- Poster
- Bengali: বড় ভালো লোক ছিল
- Directed by: Mohammad Mohiuddin
- Starring: Abdur Razzak; Prabir Mitra; Anju Ghosh; Saifuddin Ahmed;
- Music by: Alam Khan
- Release date: 1982;
- Running time: 158 minutes
- Country: Bangladesh
- Language: Bengali

= Boro Bhalo Lok Chhilo =

Boro Bhalo Lok Chhilo (বড় ভালো লোক ছিল; English: He Was a Good Man) is a 1982 Dhallywood drama film directed by famous journalist and director Mohammad Mohiuddin. This film received National Film Awards in six categories.

==Plot==
Yasin is a well-educated son of a Pir of a village. Suddenly his father dies in a truck accident. Yasin returns to his village and searches for the truck driver to avenge his father's death. Since he is the son of the Pir, people of the village respect him and find something spiritual in him. He ignores it and starts staying in the home of one of his father's friends. Sometimes he talks with his father through his spiritual ability.

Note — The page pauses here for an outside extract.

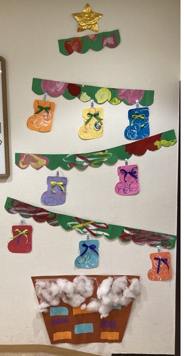 オーナメントの靴下は1歳児クラスの手作りです🧦

Pori Banu is the daughter of his father's friend and in a relationship with truck driver, Lokman. Yasin and Pori Banu become good friends. Meanwhile, he realizes his spiritual ability and starts accomplishing tasks quickly and easily. But when he starts falling in love with Pori, the power starts diminishing and he tries to get it back.

==Cast==
- Abdur Razzak - Yasin
- Prabir Mitra - Lokman
- Anju Ghosh - Pori Banu
- Saifuddin Ahmed
- Anwar Hossain
- Abdul Matin

==Soundtrack==
The music of this film was directed by Alam Khan and lyrics were penned by Syed Shamsul Haque.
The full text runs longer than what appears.